ASSIGNMENT: Every entry that follows must be written out exactly, apart from its pictures.

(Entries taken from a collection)
---------------

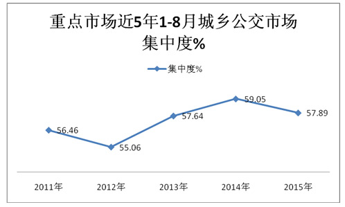 2015年1-8月河南、山东、江苏、广东、河北、湖南、湖北、四川、辽宁、浙江等销量前10名的主流区域市场城乡公交的市场占有率达到了全国城乡公交总市场的近57.9%,,同比降低了近1.06个百分点。其余年份都超过了55%,到了2015年1-8月份城乡公交车的区域垄断程度同比有所下降,其他非重点区域市场的市场机会在减少。
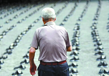 在日本东京塔下的一座公园,87岁的中国被掳劳工幸存者、河北老人李铁锤踉跄地走在象征死难中国劳工的一双双布鞋之间。
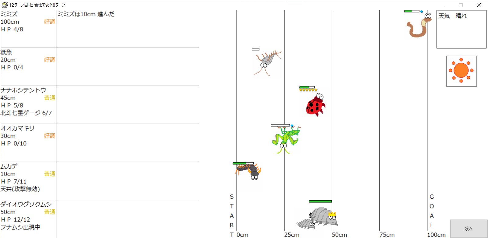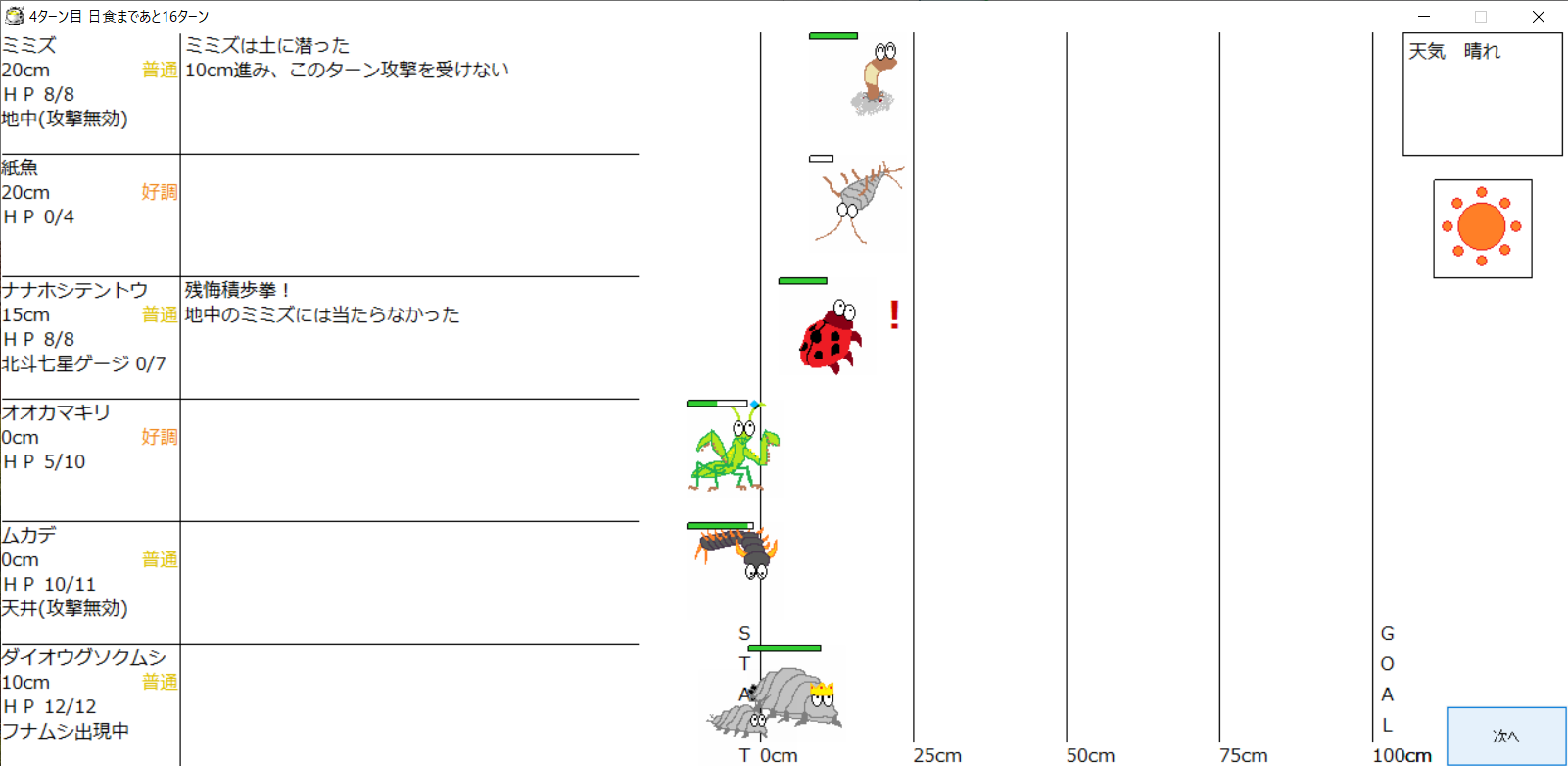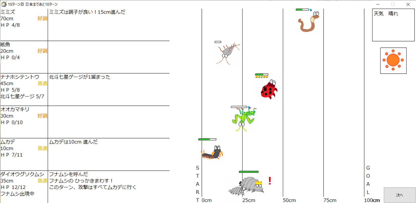 ・一番先にゴールした虫さん、または他のライバルを全滅させた虫さんの勝利
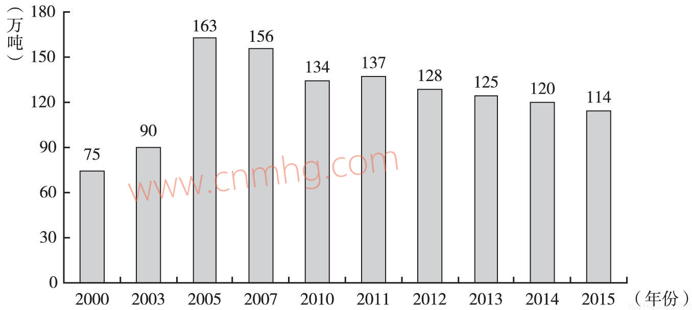 另外,從二氧化硫、煙塵等污染物排放量看,全省污染物排放水平呈現(xiàn)逐年下降的趨勢,但河南仍然是排放大省。2015年,河南二氧化硫、煙塵排放量分別為114.4萬噸、84.6萬噸,分別居全國的第3位和第6位(見圖6~圖8),節(jié)能減排的任務(wù)仍然艱巨。
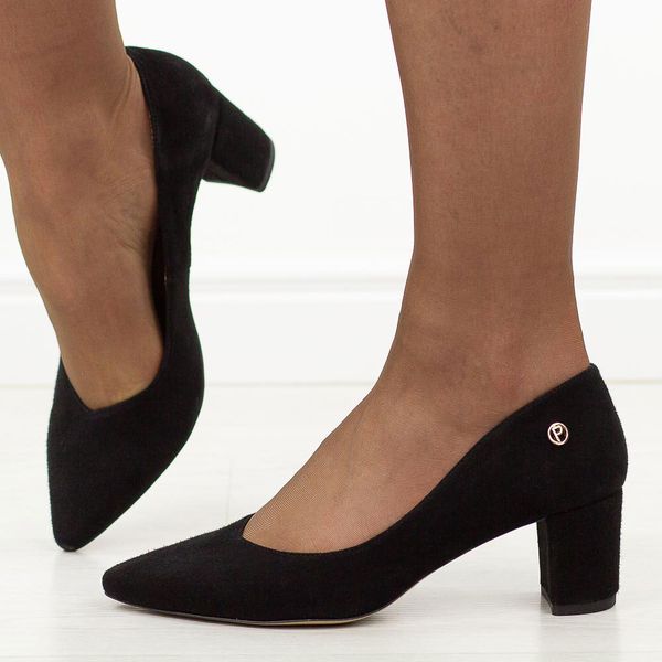 Czarne zamszowe skórzane Polskie czółenka damskie na słupku Prestige 2105 OBL

---------------

TASK OUTPUT:
 2015年1-8月河南、山东、江苏、广东、河北、湖南、湖北、四川、辽宁、浙江等销量前10名的主流区域市场城乡公交的市场占有率达到了全国城乡公交总市场的近57.9%,,同比降低了近1.06个百分点。其余年份都超过了55%,到了2015年1-8月份城乡公交车的区域垄断程度同比有所下降,其他非重点区域市场的市场机会在减少。
 在日本东京塔下的一座公园,87岁的中国被掳劳工幸存者、河北老人李铁锤踉跄地走在象征死难中国劳工的一双双布鞋之间。
 ・一番先にゴールした虫さん、または他のライバルを全滅させた虫さんの勝利
 另外,從二氧化硫、煙塵等污染物排放量看,全省污染物排放水平呈現(xiàn)逐年下降的趨勢,但河南仍然是排放大省。2015年,河南二氧化硫、煙塵排放量分別為114.4萬噸、84.6萬噸,分別居全國的第3位和第6位(見圖6~圖8),節(jié)能減排的任務(wù)仍然艱巨。
 Czarne zamszowe skórzane Polskie czółenka damskie na słupku Prestige 2105 OBL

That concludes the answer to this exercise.